Harriet Balian approached the small altar near the entrance of St. Sahag Armenian Church, lit a candle, and offered a prayer for more than a million people she had never met.
It was an act inspired by her mother, who a century earlier in Turkey had lit candles in memory of the thousands of Armenians driven from their homes and massacred by government soldiers.
"There were 1.5 million Armenians killed!" said the 87-year-old Balian, her voice cracking in the St. Paul church. "People just like you and me. And most people today don't know anything about it."
That could soon change. In the days ahead, Minnesota will host a series of events to raise awareness of the 100th anniversary of the so-called "forgotten holocaust," which began April 1915 and ended in 1918. It wiped out an estimated 75 percent of Armenians in their homeland in what is now eastern Turkey, scholars estimate.

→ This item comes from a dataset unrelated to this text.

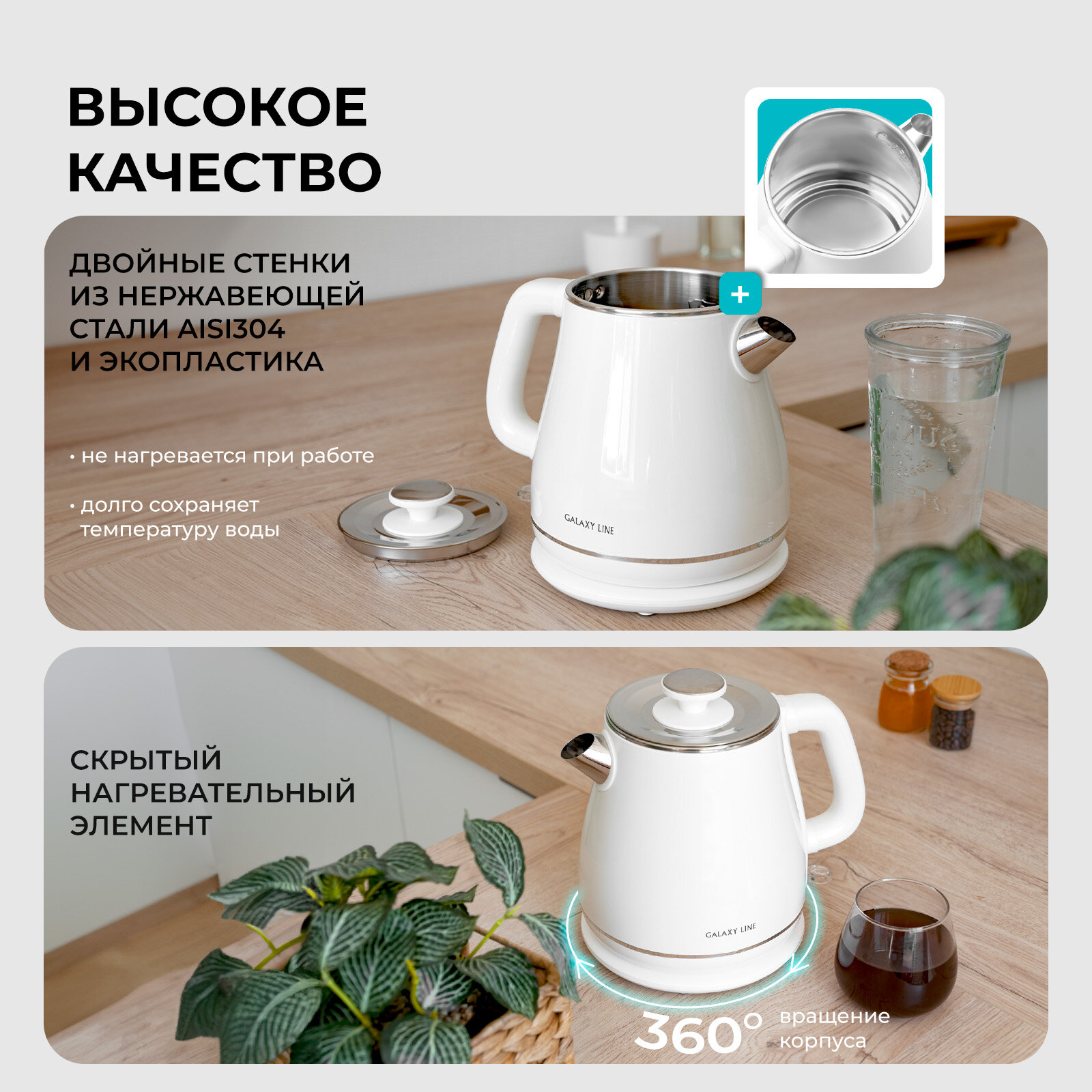 10 цен на Чайник электрический GALAXY LINE GL 0331, белый, пластик, двойная стенка из нержавеющей стали AISI 304 и пищевого пластика, 2200 Вт, 1,8 л, индикатор работы

Last week, Pope Francis called it "the first genocide of the 20th century," echoing a description long used by scholars. The pope's words heartened Chacke Yeterian Scallen, a Deephaven retiree who had flown to the Vatican with her family to hear what the influential pope would say.
She carried memories of her mother's forced march from her comfortable home to the Syrian desert. Although her mother managed to escape the Turkish soldiers in charge, others in her group told her she would have to kill her infant daughter because her cries would alert Turkish soldiers. Before that could happen, the baby died that night.
"My mother lived to be 89, and she never stopped talking about her firstborn," said Yeterian Scallen. "Was her little body left intact? Did the dogs dismantle it?
"There are so many stories like this."